Thanks guys! I am pretty happy how it came out. I had a good machine to start with, some rusting on the way tubes, knobs, levers, bolts, and table rods, but they cleaned up pretty well, all with a wire brush of some size or another. I went through three of those wire brush wheels in the project Dennis LOL. Nothing was really all that bad, just dirty. I felt guilty at times painting over the original paint, because it was so good after I had clean it up, but I just wanted the "Greenie" 10ER, just a beautiful scheme, again, thanks Heathicus, great idea!
The Mark 7 was very handy because of it's speed control and reversing. I use it in lathe mode at 250 RPM and then had a hand drill with the wire brush going opposite direction of rotation braced against the tool rest. It took some time, but as you see they cleaned up pretty well. A few pits are left, but the headstock and the table carriage work like butter. I found a LOT of sawdust and just grime packed in the carriage locks in both the table carriage and the headstock locks. It was actually acting as a brake material in conjunction with the rough surface of the way tube. A pleasure to operate now. I forgot to put a picture of my tube turning solution (I will get a pic later and include it here). I just took a 4x4 block and turned it down to a cone. Then, with a BFH (Big Ferrous Hammer
) drove the tube onto the cone. I figured that at 250 RPM the tube would be easy to control. I was right. The other end of the tube was just riding on the crate pallet that the M7 was delivered on. I used a block screwed into the pallet to hold the tube into one place, the pallet had a couple of boards (not stock yet
) attached with wood screws at ninety degrees then another board secured to the end of the M7. It worked obviously
. The cone eventually "polished out" and would not hold the tube tight enough on the second tube, but my wife stepped in with another block I made with a "socket" that she used to press against the end of the tube with her hip to force it on the cone. I kept telling her to "put your weight into it!". She almost quit ....

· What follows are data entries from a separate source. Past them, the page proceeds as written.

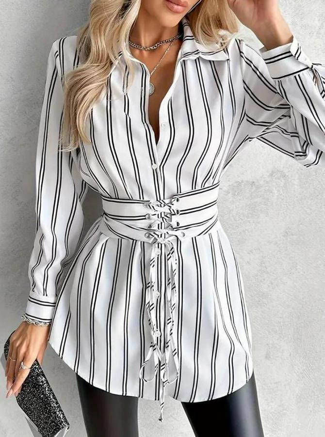Kemer Detaylı Pamuk Polyester Gömlek Elbise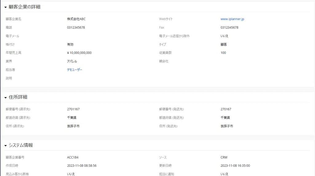 最大で3つまでのフィールドを使って、データの重複チェックを行えます。例えば、顧客担当者で、メールアドレスを重複チェックキーに設定すると同じメールアドレスで登録しようとするとアラートが出力されます。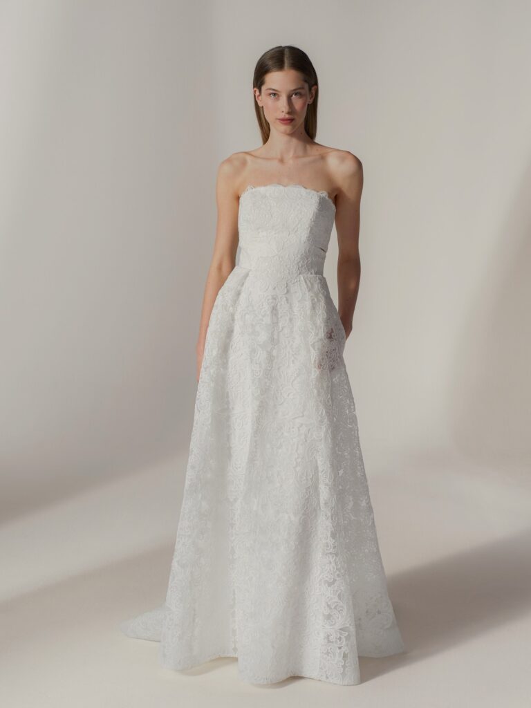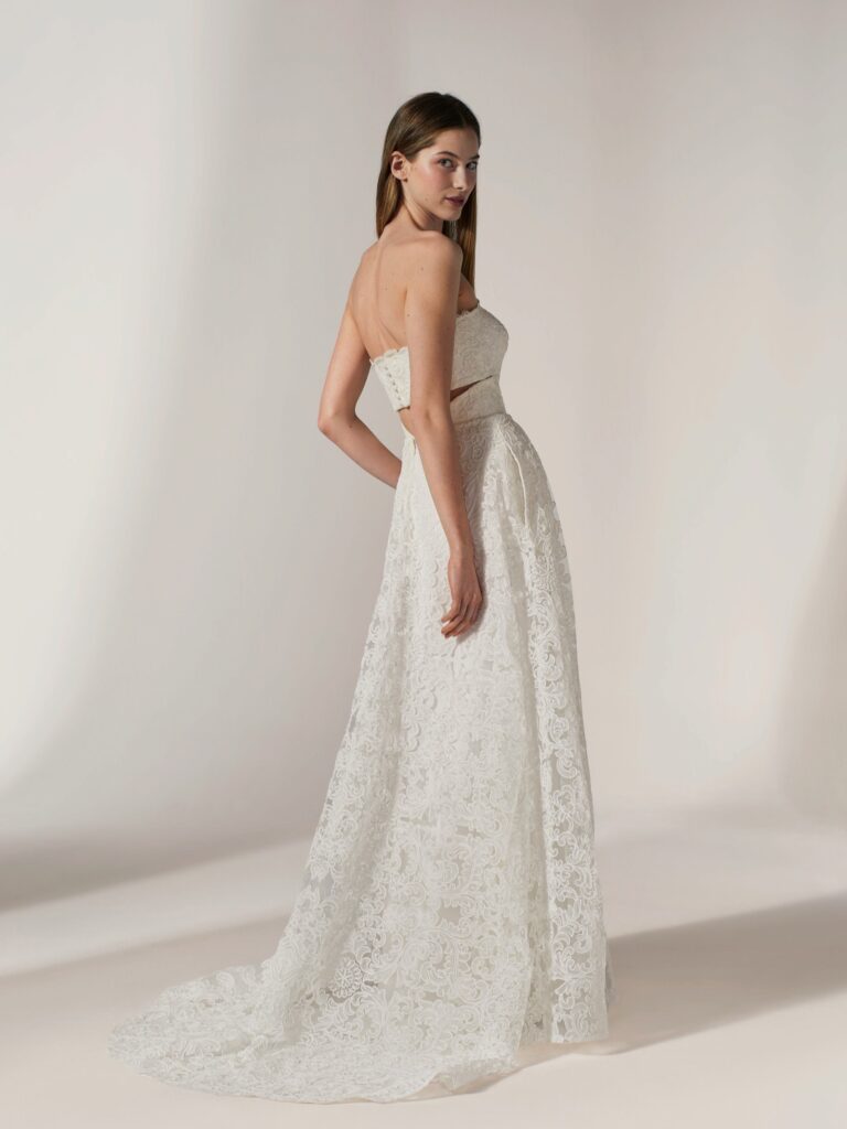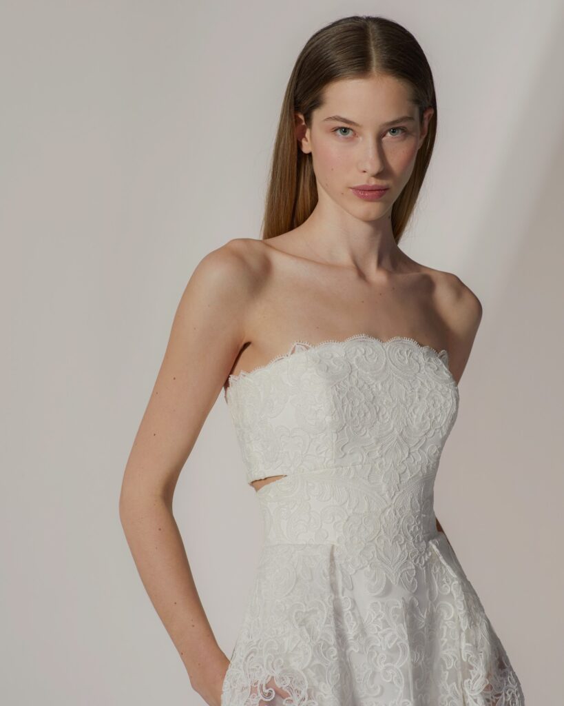 最大の魅力は、ウエストサイドを大胆にカットしたカットアウェイのデザイン。 総レースの可憐な印象を、サイドの肌見せが凛と引き締め、都会的でハイセンスな表情へと昇華させます。バックスタイルまで続く繊細なレースワークと、計算されたシルエットのバランスが、360度どこから見てもドラマティックな花嫁姿を叶えます。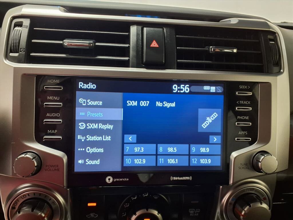This vehicle comes equipped with: 4WD, Black/Graphite Cloth, 17 6-Spoke Alloy Wheels, 3.727 Axle Ratio, 4-Wheel Disc Brakes, 8 Speakers, ABS brakes, Air Conditioning, Alloy wheels, AM/FM radio: SiriusXM, Anti-whiplash front head restraints, Apple CarPlay/Android Auto, Auto High-beam Headlights, Brake assist, Bumpers: body-color, Driver door bin, Driver vanity mirror, Dual front impact airbags, Dual front side impact airbags, Electronic Stability Control, Emergency communication system: Safety Connect (1-year trial), Exterior Parking Camera Rear, Fabric Seat Trim, Front anti-roll bar, Front Bucket Seats, Front Center Armrest, Front fog lights, Front reading lights, Front wheel independent suspension, Heated door mirrors, Illuminated entry, Knee airbag, Leather Shift Knob, Leather steering wheel, Low tire pressure warning, Occupant sensing airbag, Outside temperature display, Overhead airbag, Overhead console, Panic alarm, Passenger door bin, Passenger vanity mirror, Power door mirrors, Power driver seat, Power steering, Power windows, Radio: Audio, Rear anti-roll bar, Rear seat center armrest, Rear window defroster, Rear window wiper, Remote keyless entry, Security system, Speed control, Speed-sensing steering, Split folding rear seat, Spoiler, Steering wheel mounted audio controls, Tachometer, Telescoping steering wheel, Tilt steering wheel, Traction control, Trip computer, and Variably intermittent wipers.

It took me a lot of time to clean the tables. I really can't say why, it just did to get the "look" I was wanting. They are not perfect (nor finished yet) but good enough.
Dennis, I was thinking the same thing about the Mark 7. I was thinking if I walked into a showroom and was wanting to purchase a machine, the 10ER is more appealing .....
The fence detail, was just an inspiration from my hot rod and classic car overhaul days. I saw that 50's looking line and something just told me that needed a paint line. I just used a small ball peen hammer and cut the masking tape like I used to do with gasket material, then painted it. I am pleased with how that worked out.
Anyway, she's done, I look forward to getting my new saw blade in a few days (Amazon). I will tell a secret if nobody will tell anyone. Right now, I like using the 10ER table saw better than the M7. The 7 was just doing a better job, but I think the new blade will change that. I know the PowerPro is far better for heavy and thick, but for small work pieces, I seem to drift to the 10ER more. I know, what can I say, I am a green horn .....
I can email any and all picture in their full 4 meg size if anyone wants them.